In 2001-2002, specialist at the Ministry of Culture of the Republic of Azerbaijan;

In 2002-2009, assistant to the chairman, head of the department of the State Committee for Work with Azerbaijanis Living Abroad;

In 2009–2016, deputy head of the staff of State Committee for Work with the Diaspora of the Republic of Azerbaijan;

Ramin Mammadov was appointed as deputy chairman of the State Committee for Work with Diaspora of the Republic of Azerbaijan under the Order No. 2040 signed by the President of the Republic of Azerbaijan Ilham Aliyev dated May 12, 2016.

At extraordinary elections held on February 9, 2020, Ramin Mammadov was nominated as a single candidate of the New Azerbaijan Party for the parliamentary seat from the 64th Sabirabad constituency. He was elected as a member of Milli Majlis (Parliament) with 12,677 votes or 56.2% of the total.
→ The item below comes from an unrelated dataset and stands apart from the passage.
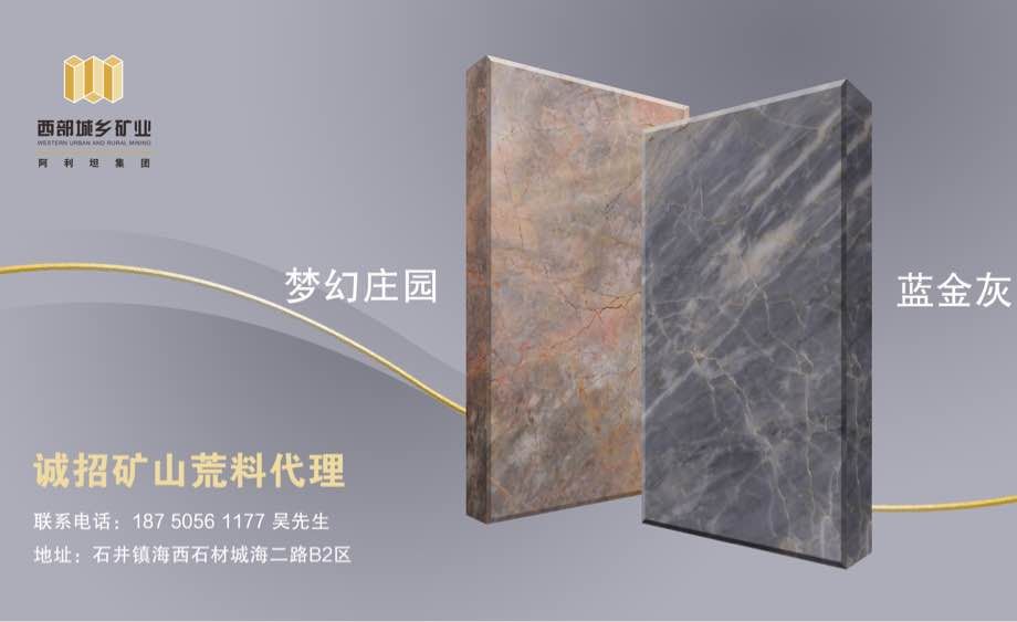 阿利坦·西部城鄉(xiāng)礦業(yè)是一家旗下自有礦山的石材企業(yè),公司有大理石礦山3座,花崗巖礦山1座,大理石加工廠1家,主營品種有:藍金灰、薩日拉、夢幻莊園、梵高黃等。公司秉承“人才至上,品質(zhì),誠信友好,合作共贏”的經(jīng)營理念,以發(fā)掘國內(nèi)外優(yōu)質(zhì)礦產(chǎn)資源為戰(zhàn)略布局,致力于成為集原料開采、產(chǎn)品設(shè)計研發(fā)、品牌化運作、銷售代理模式構(gòu)建為一體的高端天然石材綜合型企業(yè)。

As he had been elected as a Member of the Milli Majlis (Parliament), Ramin Mammadov was relieved of his position as deputy chairman of the State Committee for Work with Diaspora by Order No. 1908 of the President of the Republic of Azerbaijan Ilham Aliyev, dated March 9, 2020.

He served as a member of the Committee on Family, Women, and Children’s Affairs of the Parliament, and a member of the Committee on International Relations and Inter-Parliamentary Relations. He held positions as head of the Azerbaijan-Cambodia Inter-Parliamentary Relations Working Group and a member of working groups on relations with the parliaments of China, France, Israel, Italy, and Korea.
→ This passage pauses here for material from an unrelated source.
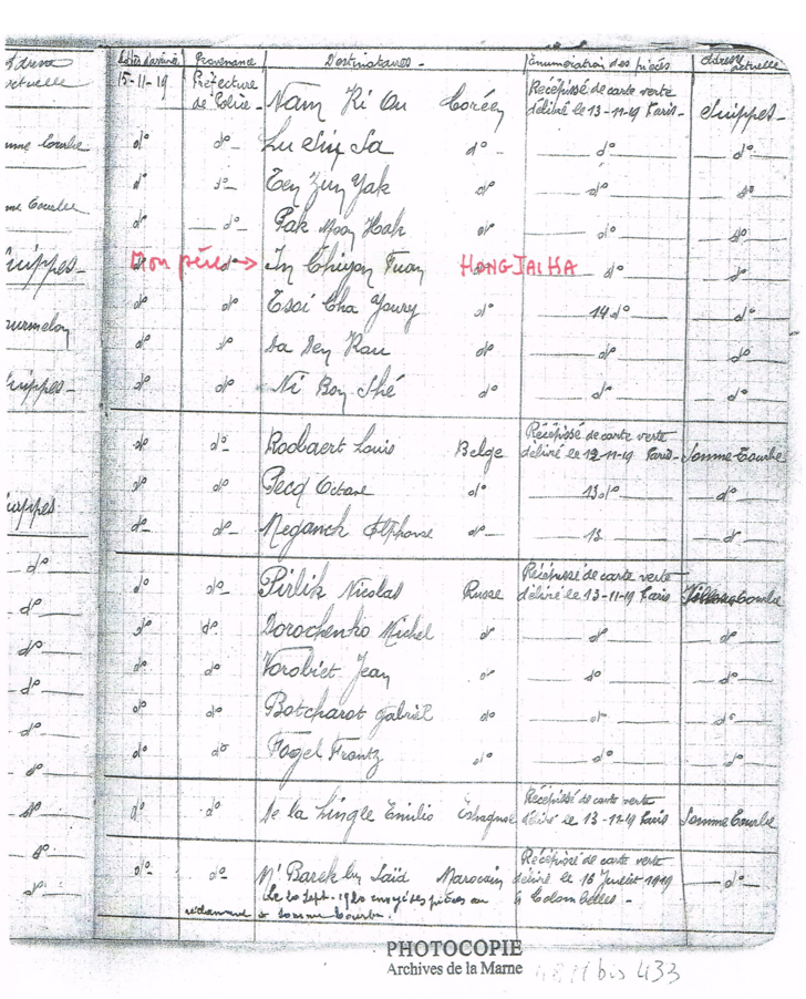 Dans ce document est mentionné l’arrivée d’une trentaine de coréens, parmi eux In Chyion Fuan l’alias utilisé par Hong Jae-Ha. Malgré l’utilisation d’un alias, on note qu’il est enregistré comme Coréen (le “d” signifiant Idem). Il faut savoir qu’à une époque où la nationalité coréenne n’existait pas, se revendiquer en tant que tel était déjà un acte de résistance qui pouvait le mettre en péril (expulsion, contrôle par les autorités françaises et japonaises).

March 1, 2023, Ramin Mammadov was appointed as the point person for contacts with Armenian residents living in the Karabakh region of the Republic of Azerbaijan. By the Order of the President of the Republic of Azerbaijan dated April 8, 2024, he was appointed as chairman of the State Committee on Affairs with Religious Associations of the Republic of Azerbaijan.
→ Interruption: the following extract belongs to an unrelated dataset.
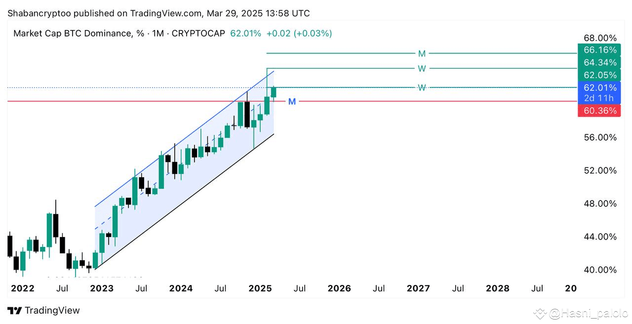 "Bitcoin's dominance continues to surge, exerting a profound impact on altcoins, which remain at their lows, with some experiencing a breakdown. This trend is driven by Bitcoin's dominance rising on the weekly chart, where it faces resistance at 62% and 64%, and on the monthly chart, where it faces resistance at 66%. A decline in dominance is likely to commence if we witness a monthly candle close below 60%, a critical pressure zone. Currently, investors face immense pressure, and the challenge is daunting. Ultimately, timing the market to catch the bottom or sell the top is extremely difficult."

Ramin Mammadov is a member of the New Azerbaijan Party and was elected as a member of the Party's Board at the 7th Congress of the New Azerbaijan Party held on March 5, 2021.

== Awards ==

- Medal "For Distinction in the Civil Service" by the Order of the President of the Republic of Azerbaijan Mr. Ilham Aliyev dated July 6, 2012.
- Medal "Progress" by the Order of the President of the Republic of Azerbaijan Mr. Ilham Aliyev dated November 18, 2017.